Go West! Delaware Forum Selection Clause Nullified by California Constitution
Client Alerts | September 3, 2020 | Commercial and Corporate Litigation | Employment Litigation
On July 29, 2020, the Superior Court of California, County of Los Angeles, handed down a decision with potentially great significance to parties to contracts with Delaware forum selection clauses.
West v. Access Control Related Enterprises, LLC
In 2017, plaintiff William West (“West”) sued his former employer, Access Control Related Enterprises, LLC (“ACRE”) in California, alleging wrongful termination, among other claims. The Court granted ACRE’s motion to stay the California action on forum non conveniens grounds, based on a forum selection clause in one of the parties’ various contracts that provided for exclusive jurisdiction in the courts of Delaware. West thereafter filed a federal action in Delaware, which was voluntarily dismissed in favor of an action filed by West in the New Castle Superior Court of Delaware. Two years later, in 2019, ACRE filed a successful motion to transfer the Delaware state court action to the Court of Chancery. Because West had asserted an entitlement to a jury trial, and the Court of Chancery does not conduct jury trials, in June 2020, West moved to lift the stay of the California Superior Court proceeding, arguing that forcing him to proceed with a trial in the Court of Chancery would violate his right to a jury trial under the California Constitution.

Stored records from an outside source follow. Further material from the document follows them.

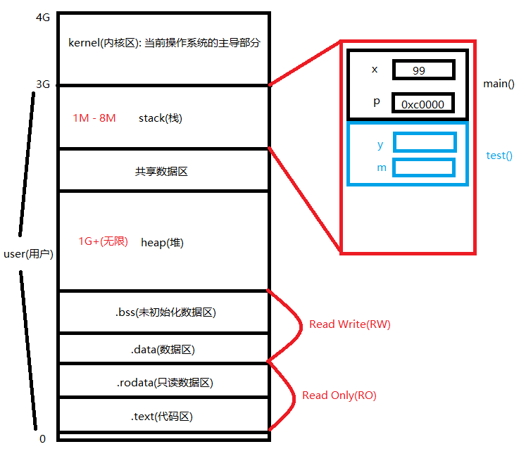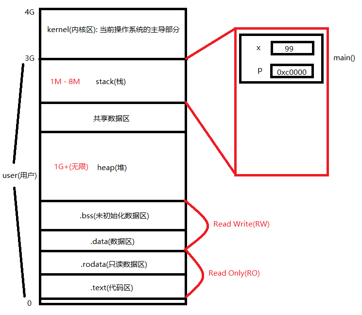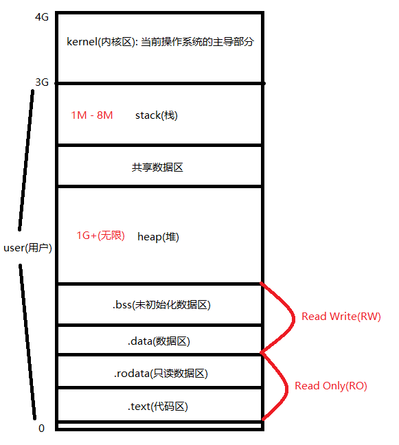 首先, 先来看一下内存布局图, 以 32位 为例.
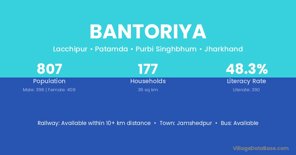 Jamshedpur is the nearest town to Bantoriya village for major economic activities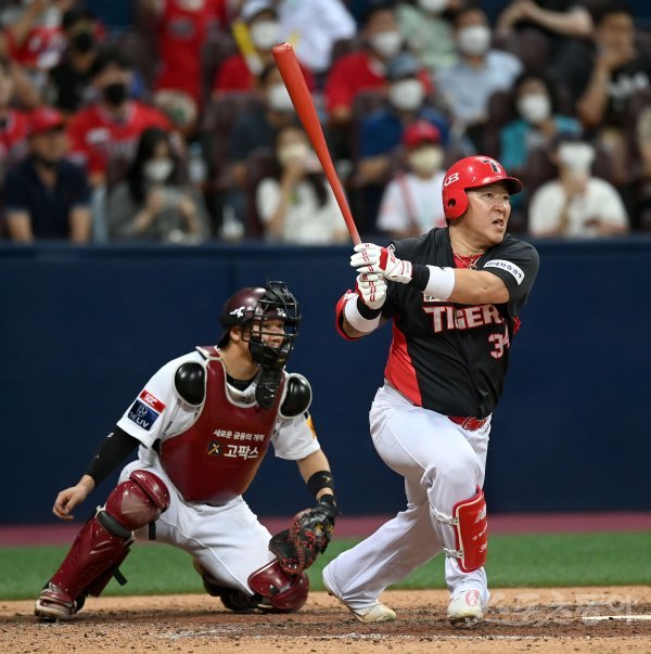 24일 서울 고척스카이돔에서 ‘2022 신한은행 MY CAR KBO리그’ KIA 타이거즈와 키움 히어로즈 경기가 열렸다. 5회초 1사 만루 KIA 최형우가 다시 앞서간느 2타점 적시타를 치고 있다.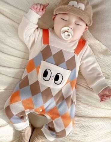 طقم ولادي أنيق مكون من رومبير وسروال وقبعة بنمط جميل

Judge David J. Cowan of the Superior Court of California agreed. Although Judge Cowan noted that forum selection clauses “generally [are] given effect unless enforcement would be unreasonable or unfair[,]” he also noted that the party seeking to enforce such clauses “bears the burden to show litigating the claims in the contractually-designated forum ‘will not diminish in any way the substantive rights afforded … under California law.’” Reviewing California Code of Civil Procedure Section 631 (the statute governing waivers of the constitutional right to a jury trial) and earlier cases interpreting that statute, the Court found that a jury trial can be waived only in six circumstances expressly enumerated in Section 631, all of which contemplate an already-existing lawsuit.
The Court found that the case was analogous to a previous California Supreme Court case, Handoush v. Lease Finance Group, LLC, in which enforcement of a forum selection clause would have resulted “in an impermissible predispute waiver of the right to a jury.” The Court found that it made no difference whether the case concerned an explicit jury trial waiver or merely a forum selection clause, because [t]he problem is that the Court of Chancery simply does not conduct jury trials… [and] continued enforcement of the forum selection clause … would prevent West from having a jury trial.” Judge Cowan found that ACRE had not met its burden of showing that enforcing the forum selection clause would not diminish West’s rights under California law – accordingly, he lifted the stay and ordered the California litigation to proceed, notwithstanding the unambiguous agreement between West and ACRE to litigate their disputes in Delaware.
It remains to be seen how the decision in West will apply across state lines. First, it may be appealed and second, the decision was limited to an interpretation of the California Constitution and its enabling statutes.
Still, the case may have far-reaching implications for the numerous California companies (including public companies) and other parties subject to contracts with Delaware forum-selection clauses, which are commonplace. It appears clear from this case that a California party’s reasonable expectation of having contracted to litigate disputes in Delaware may be frustrated by the public policy and Constitution of California, and parties should be aware of this in negotiating future contracts with California-based entities.